→ Work order:
Could you repeat, exactly and with no pictures, only the lines from the start of the records through the line containing "Pour que Cortese"?

[Records drawn from a dataset]
------------------------------------------------------------

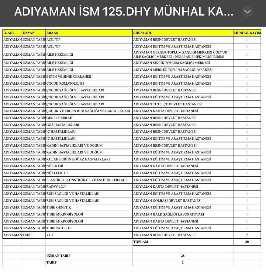 Ataması yapılan tüm hekimlerimize görevlerinde başarılar diliyor, bu güzel gelişmenin Adıyaman’ımıza hayırlı olmasını temenni ediyorum "dedi.
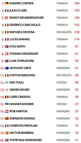 Pour que Cortese soit Champion du Monde ce dimanche, il faut qu’il remporte la course, et que Cluzel finisse 6e ou plus. Si Cortese termine second, Cluzel doit finir 11e ou plus, et Randy Krummenacher doit terminer troisième ou plus. Si Cortese termine troisième, Cluzel doit finir 15e ou plus, et Krummenacher doit terminer 4e ou plus.
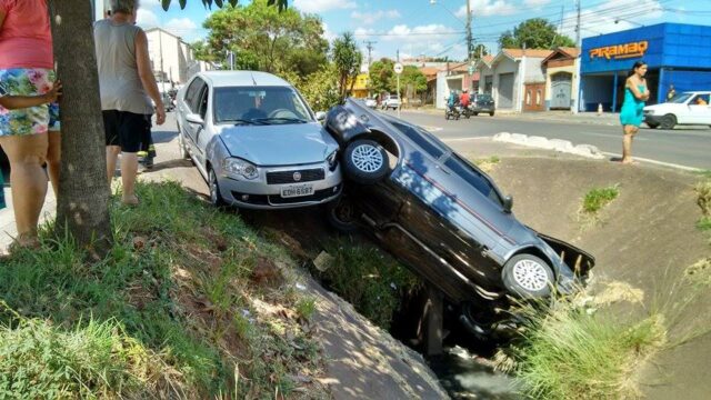 Por volta do meio dia de ontem (19), dois carros, um Ford Escort e um Fiat Siena, caíram no córrego Itapeva na Avenida 31 de março, em Piracicaba. Situações como esta são frequentes no local.
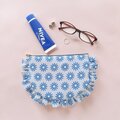 【受注制作】リトアニアリネンのフリルポーチ 20cmファスナー フラットポーチ マーガレット 花柄 ギフト 上品 ブルー 春
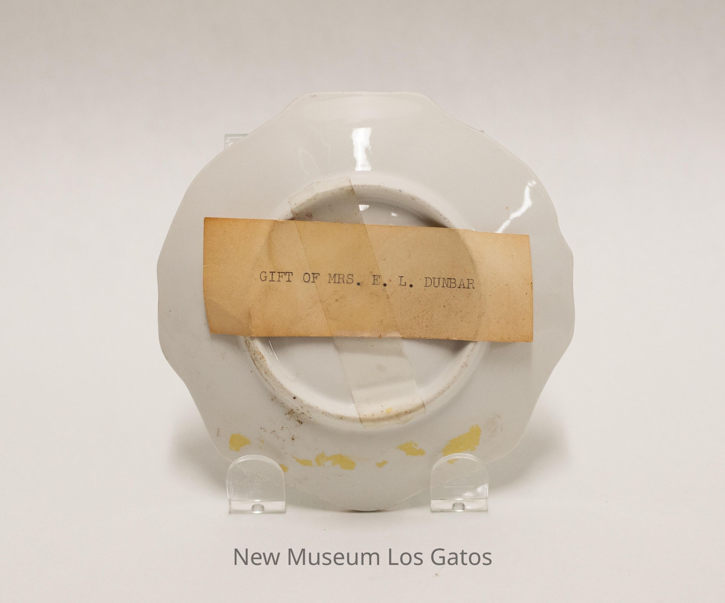 A small white and blue commemorative plate, with a colorful illustration in the center. The blue color is in four spots around the rim of the plate. There is also raised decorative ridges along the rim of the plate, with gold paint highlighting the ridges. The illustration depicts Forbes Mill, with an inscribed banner underneath.Collection

------------------------------------------------------------

→ Solution for this task:
 Ataması yapılan tüm hekimlerimize görevlerinde başarılar diliyor, bu güzel gelişmenin Adıyaman’ımıza hayırlı olmasını temenni ediyorum "dedi.
 Pour que Cortese soit Champion du Monde ce dimanche, il faut qu’il remporte la course, et que Cluzel finisse 6e ou plus. Si Cortese termine second, Cluzel doit finir 11e ou plus, et Randy Krummenacher doit terminer troisième ou plus. Si Cortese termine troisième, Cluzel doit finir 15e ou plus, et Krummenacher doit terminer 4e ou plus.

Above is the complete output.